**Your objective:** Leave out the pictures, and retype the remaining data exactly.

**Dataset section:**
_ _ _

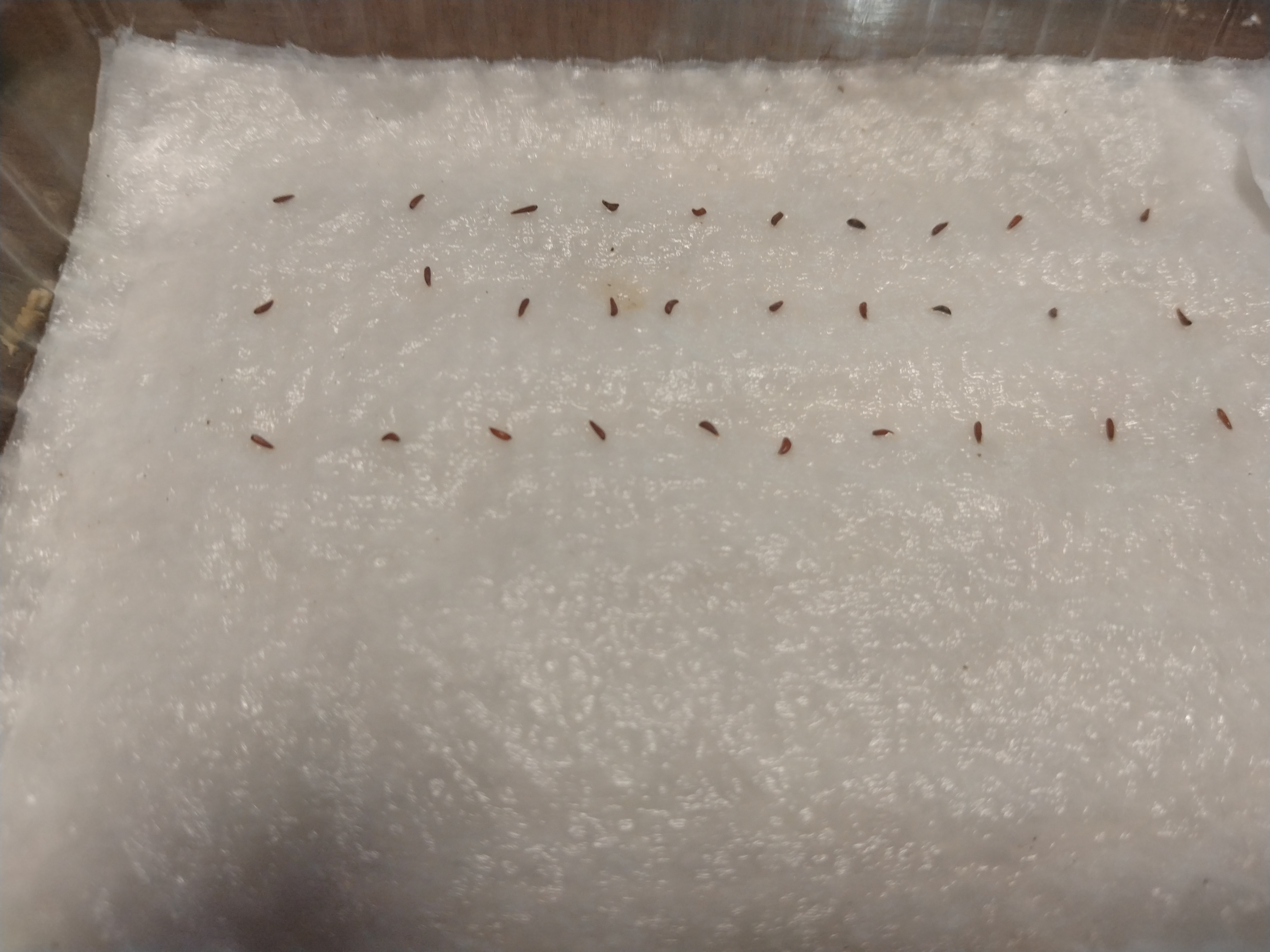 5/23 発芽率・期間等の情報がないため、とりあえずキッチンペーパーに播種、メネデール・ベンレート水溶液にひたひた、室内管理
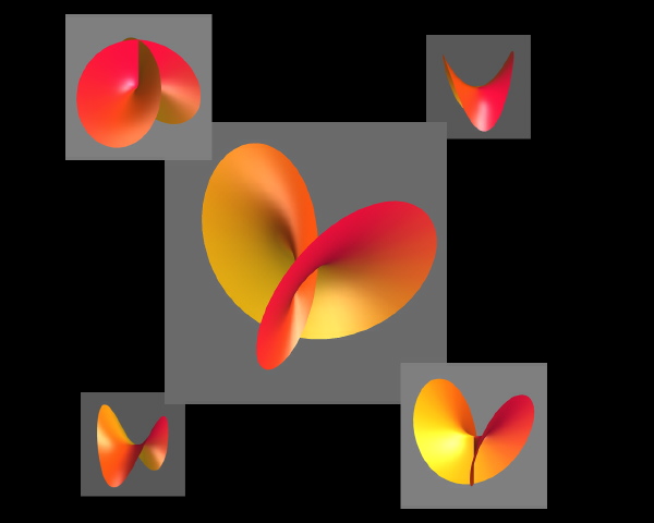 This image represents several views of the graph of the complex squaring function, which lives naturally in a four-dimensional space.
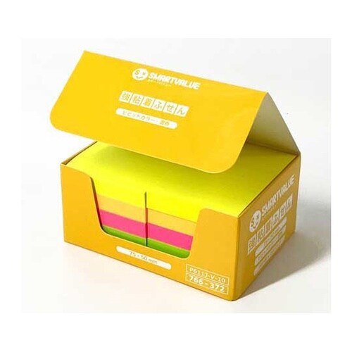 スマートバリュー 強粘着ふせん ビビッド混色 75×50mm 10パッド入 P611J−V−10 A04F-0267

_ _ _

**Exercise solution:**
 5/23 発芽率・期間等の情報がないため、とりあえずキッチンペーパーに播種、メネデール・ベンレート水溶液にひたひた、室内管理
 This image represents several views of the graph of the complex squaring function, which lives naturally in a four-dimensional space.
 スマートバリュー 強粘着ふせん ビビッド混色 75×50mm 10パッド入 P611J−V−10 A04F-0267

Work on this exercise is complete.